Jim Schwartz on leaving Browns: 'Forced marriage won't work in NFL'


After being passed over for the Cleveland Browns head coaching gig in favor of Todd Monken, former defensive coordinator Jim Schwartz turned down an opportunity to stay with the club.

After months of silence, Schwartz discussed his decision with Ryan Ripkin.

“It’s the way it was,” Schwartz said. “We had a lot of success on defense, and the Browns changed coaches, and they passed me by with all the success we had and the ability to develop players, our best players had their best years, all these different things. And that was a decision they made. They wanted to go with an offensive lineman. They chose Todd. I’m fine with that. They can make decisions they want to be on board for me, but they don’t want to be on board for me. that’s in any business, you get passed you get promoted when you’ve done a really, really good job at your job and you think you were in line for the promotion.
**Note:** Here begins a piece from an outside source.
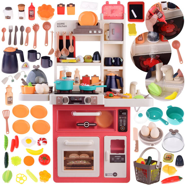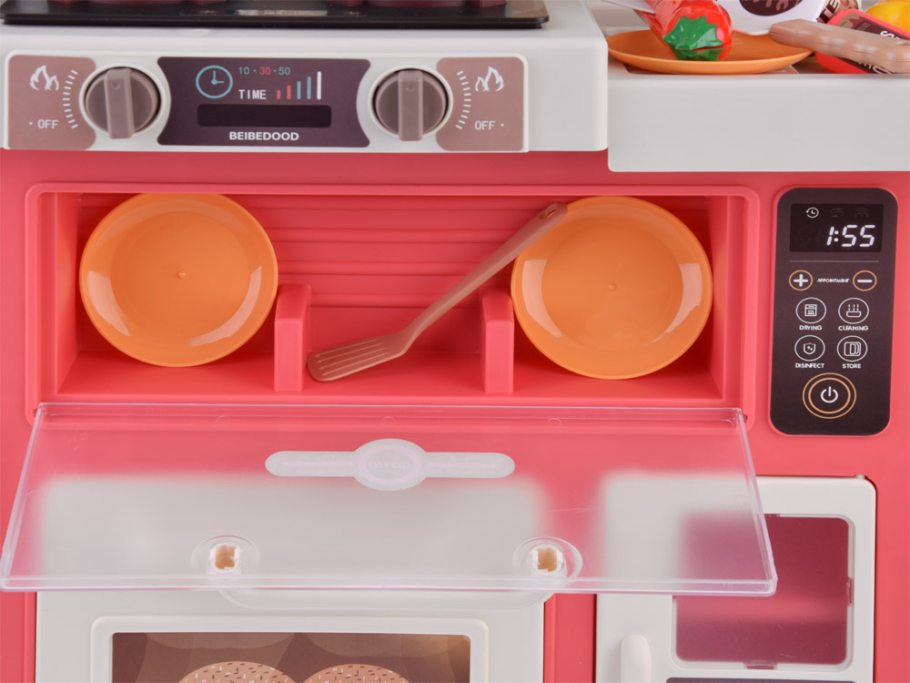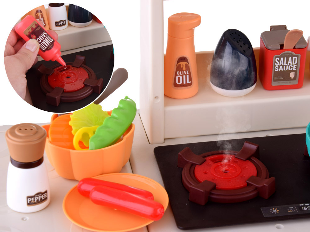 - Kuchenka gazowa z efektem dźwiękowym, parowym i świetlnym. Kuchnia jest wyposażona we wbudowane lampki LED, które odzwierciedlają realistyczne efekty świetlne podczas gotowania. Po przekręceniu palników na kuchence słychać odgłosy gotowania i towarzyszy im mruganie czerwonego światełka. Dodatkowym efektem specjalnym jest para przy gotowaniu (wystarczy wlać odrobinę wody w otwór przy palniku). Palniki na kuchence wydzielają nieszkodliwą parę, co dodaje efektu autentyczności podczas zabawy w gotowanie. Po włączeniu pierwszego pokrętła włącza się pierwszy palnik, świecą światła oraz z palnika wydobywa się para imitująca parującą wodę. Wszystkiego temu towarzyszy dźwięk gotującej się wody (para nie jest gorąca, całkowicie bezpieczna).

Schwartz, who was Cleveland’s DC for the past three seasons, reiterated that he didn’t want to stick to a shotgun wedding.
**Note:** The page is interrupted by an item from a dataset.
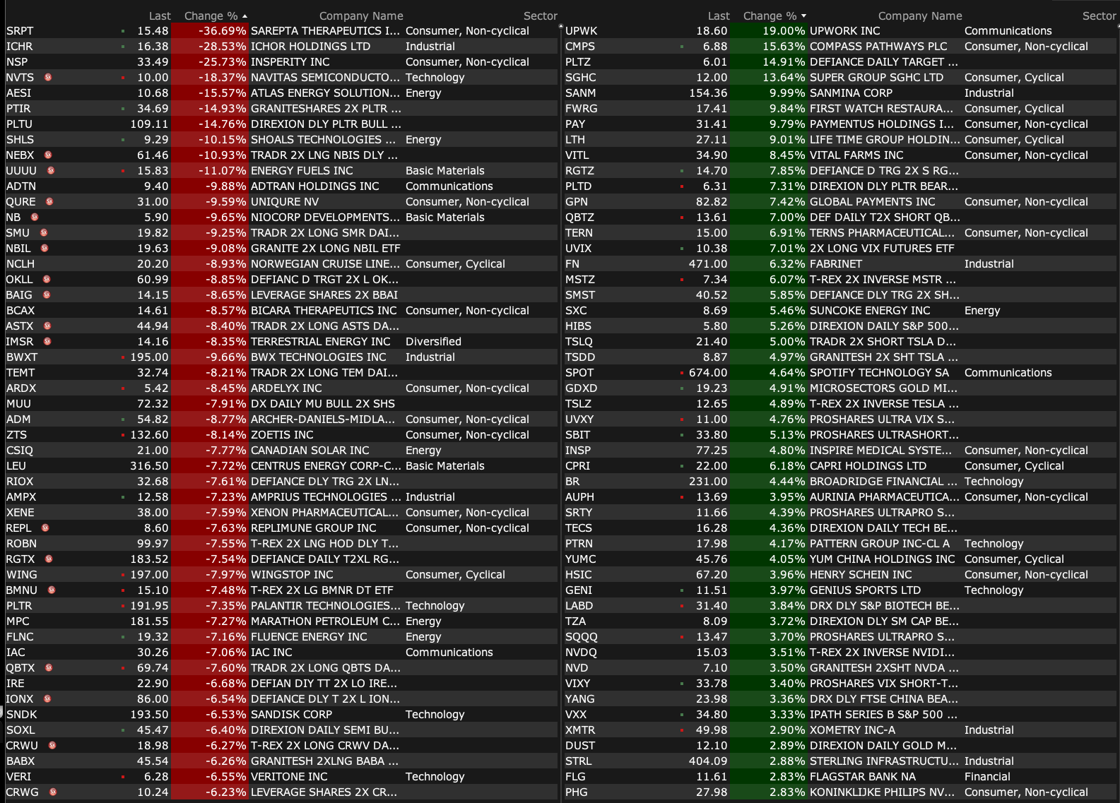 -SRPT -36% (earnings)

“Todd deserved his own guy. Forced marriage won’t work in the NFL,” he said. “To have control over the players and to have control over the locker room, all those things are very important, and I felt like I couldn’t do my job after being passed over for the head coaching job. It put me in a difficult position. ‘Hey, we want you to listen to this guy, but we didn’t want to make him the head coach.’

“So I made the decision to resign and I have to sit out this year as a result. But I think anybody that’s been in any business, when you’ve done a good job, when you put those numbers, we weren’t one of the best defenses for three years, we were the best defense for three years. The decision they made, that’s their decision, but to expect me to stay on board and for me. wouldn’t have been good for me and it wouldn’t have been good for Todd to get his own guy in there instead of being with me in the organization and having me there and maybe have some players more loyal to me than him.

Schwartz is right, it could have been uncomfortable, especially for defensive players who may have been more sacred to DC than the head coach. The current question is whether Myles Garrett would have wanted to stay in Cleveland if Schwartz was the head coach — not that it changes the fact that compensation in the Browns’ trade was the right move by the club at this time.

With the Browns able to block his path to another gig, Schwartz, 60, will have to sit out a season. The fairness with which he is approaching the situation will serve him well in his next round of interviews.

“I wasn’t upset about it,” he said. “I was disappointed by it. I wasn’t upset about it; I wasn’t angry about it, but it’s just my experience that told me it wasn’t a situation that was going to work.”